= Mohamed Bechri =

Tunisian economist

Mohamed Bechri is a professor of economics at the University of Sousse, Tunisia. He holds a Ph.D. in Economics from the University of Southern California.

==Human rights activism==

He is a human rights activist and former chair of the Tunisian section of Amnesty International. Human Rights Watch cites him in its report on the repression of human rights in Tunisia.

==Statements==

He is quoted as blaming the Arab silence of Darfur genocide as part of the "twin fascisms" that dominate the Middle East: Islamism and Pan-Arabism. The former pertains to the rejection of the legitimacy of any non-Muslim group within what is perceived as the Arab's proper domain whereas the latter holds the same view - this time - towards any non-Arab group.
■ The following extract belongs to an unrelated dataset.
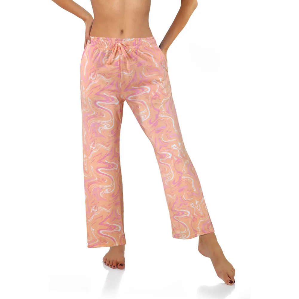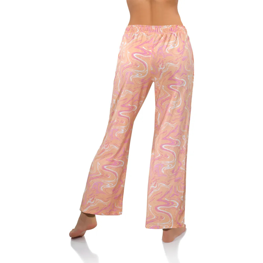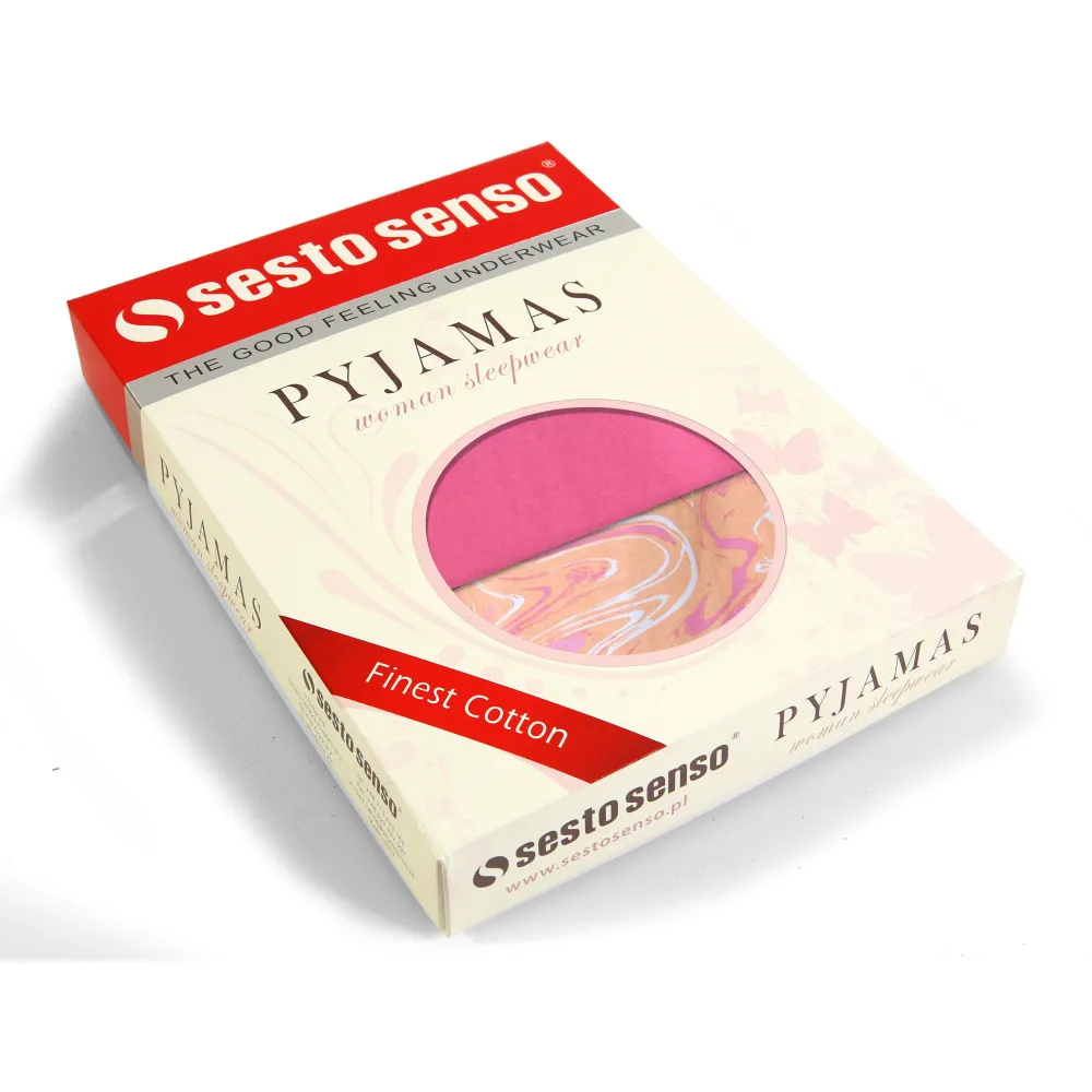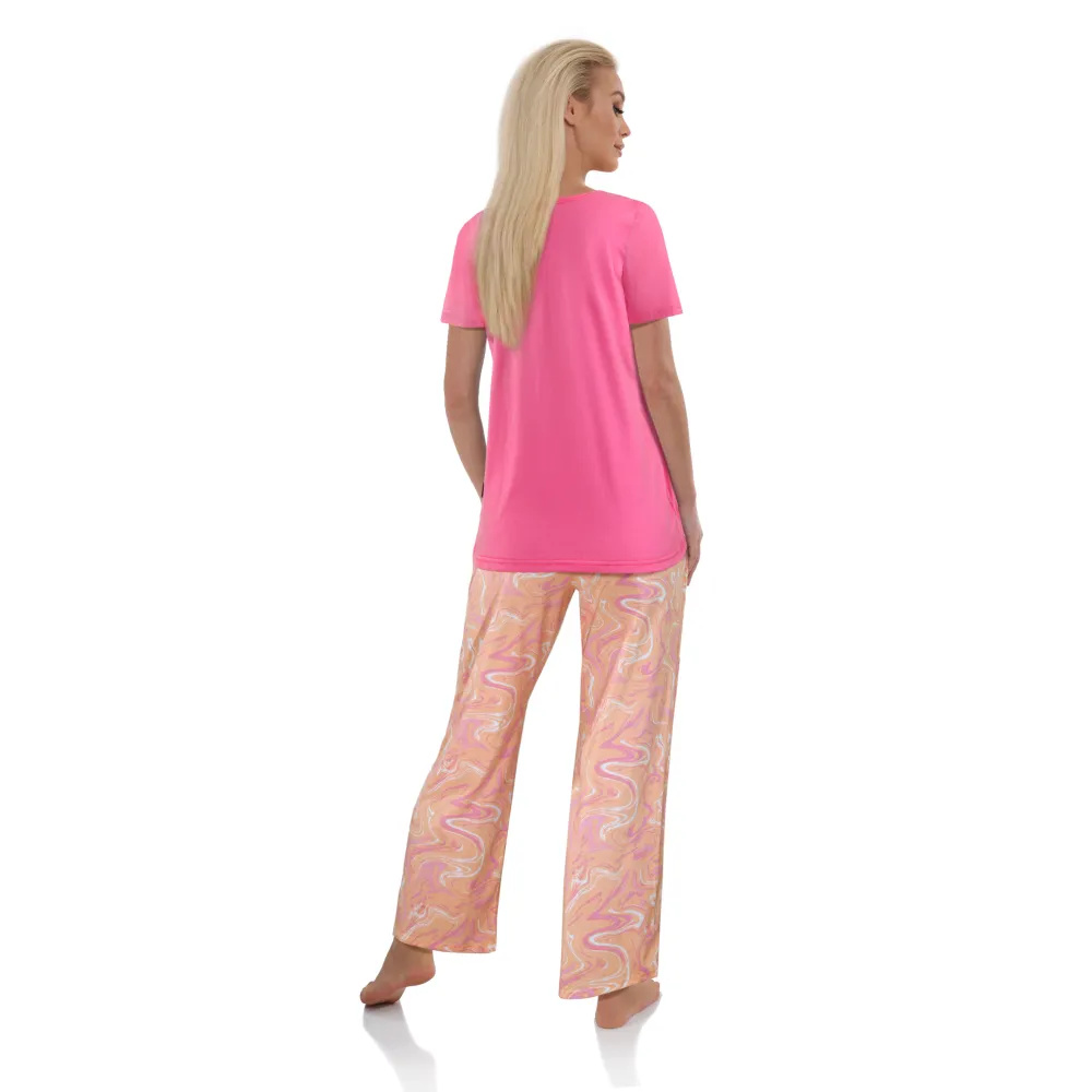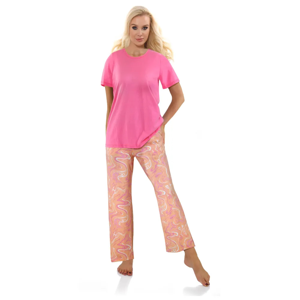 Stylowa piżama damska z krótkim rękawem i długimi spodniami. Wygodna i miękka w dotyku. Gładka koszulka oraz spodnie rozszerzone u dołu nadają piżamie niepowtarzalny styl. Przemyślany krój zapewnia komfort użytkowania i sprawia, że piżama wygląda wspaniale na każdej sylwetce. Idealna do spania i jako praktyczny strój domowy.

According to Bechri, these developments gave rise to a condition where all minorities living within the Arab world are under siege, particularly underscoring the impact of Islamism as "the mother of all big lies'. He also lodged strong criticism of the West, noting that the level of freedom found in its societies gave Islamist terror masters ample opportunity to mount an effective propaganda machine. considering all these factors, Bechri stressed that only Arab/Muslim secular forces can effectively undermine Islamism.

==Persecution==

Bechri often experienced persecution due to his human rights initiatives in Tunisia. In 2000, for example, he was part of a group, which were assaulted and threatened by police officers in Tunis. Bechri was a coordinator of the National Committee to Defend Moncef Marzouki, who was dismissed from his post due to his human rights activities. Together with fellow activists and a gaggle of journalists including Omar Mestiri, editor of the opposition online newspaper Kalima, they proceeded to the ministry of public health to deliver a petition requesting for Marzouki's reinstatement. They were, however, blocked by the police when they reached the building's entrance. When Mestiri resisted, he was beaten by the police before being apprehended and released fifty kilometers away from the location. Reporters Without Borders and Mohammed Bechri, both human rights activists, confirmed this incident.